The King Male Fern
Dryopteris affinis 'The King'
The King Male Fern foliage
(Photo courtesy of NetPS Plant Finder)
Height: 4 feet
Spread: 3 feet
Hardiness Zone: 4a
Other Names: syn. Dryopteris cristata
Graceful, arching fronds with curiously twisted foliage, each leaflet divided at the tips; attractive fiddleheads unfurl in spring; keep evenly moist, provides habitat and shelter for birds and bees
The King Male Fern's twisted ferny compound leaves remain green in color throughout the year. Neither the flowers nor the fruit are ornamentally significant.
The King Male Fern is an herbaceous evergreen fern with a shapely form and gracefully arching fronds. It brings an extremely fine and delicate texture to the garden composition and should be used to full effect.
This is a relatively low maintenance plant, and should be cut back in late fall in preparation for winter. Deer don't particularly care for this plant and will usually leave it alone in favor of tastier treats. It has no significant negative characteristics.

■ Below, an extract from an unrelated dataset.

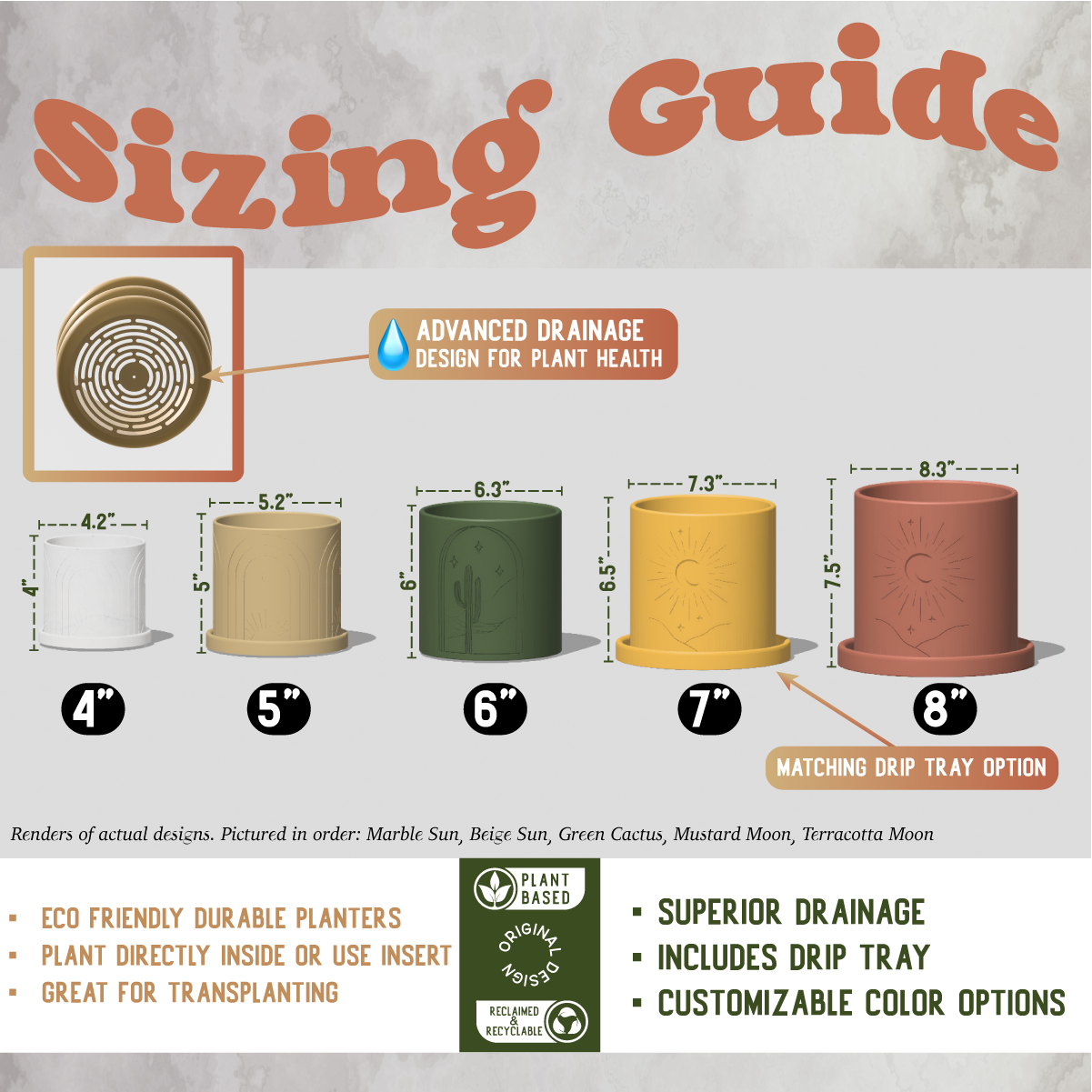 Our planters are 3D printed with PLA - a type of thermoplastic polymer derived from Upcycled materials like Corn, Beets, and Wheat Grass. PLA is 100% biodegradable, recyclable and compostable!

The King Male Fern is recommended for the following landscape applications;
- Mass Planting
- General Garden Use
- Naturalizing And Woodland Gardens
Planting & Growing
The King Male Fern will grow to be about 4 feet tall at maturity, with a spread of 3 feet. Its foliage tends to remain dense right to the ground, not requiring facer plants in front. It grows at a medium rate, and under ideal conditions can be expected to live for approximately 15 years. As this plant tends to go dormant in summer, it is best interplanted with late-season bloomers to hide the dying foliage.

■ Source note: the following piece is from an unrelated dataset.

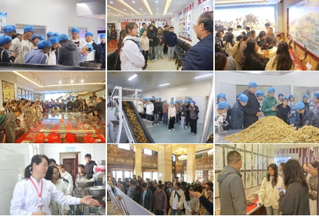 会前,师生在讲解员的带领下首先参观了广济堂中药饮片厂,通过对中药饮片洗润、切制、挑选、包装、检验等生产环节的参观,直观地了解了中药饮片的加工和炮制的生产过程。随后,参观了广济堂信息化煎药中心、企业发展馆、中药产品馆、中医药文化馆、中药鉴别馆、中药标本馆、企业党建馆。深入了解了广济堂的发展历程、中药产品开发、中医药文化创新发展、中药标本和中药鉴别方法等。让同学们近距离感受到了中医药文化的博大精深。

This plant does best in partial shade to shade. It prefers to grow in average to moist conditions, and shouldn't be allowed to dry out. It is particular about its soil conditions, with a strong preference for rich, acidic soils. It is somewhat tolerant of urban pollution. Consider applying a thick mulch around the root zone over the growing season to conserve soil moisture. This is a selected variety of a species not originally from North America, and parts of it are known to be toxic to humans and animals, so care should be exercised in planting it around children and pets. It can be propagated by division; however, as a cultivated variety, be aware that it may be subject to certain restrictions or prohibitions on propagation.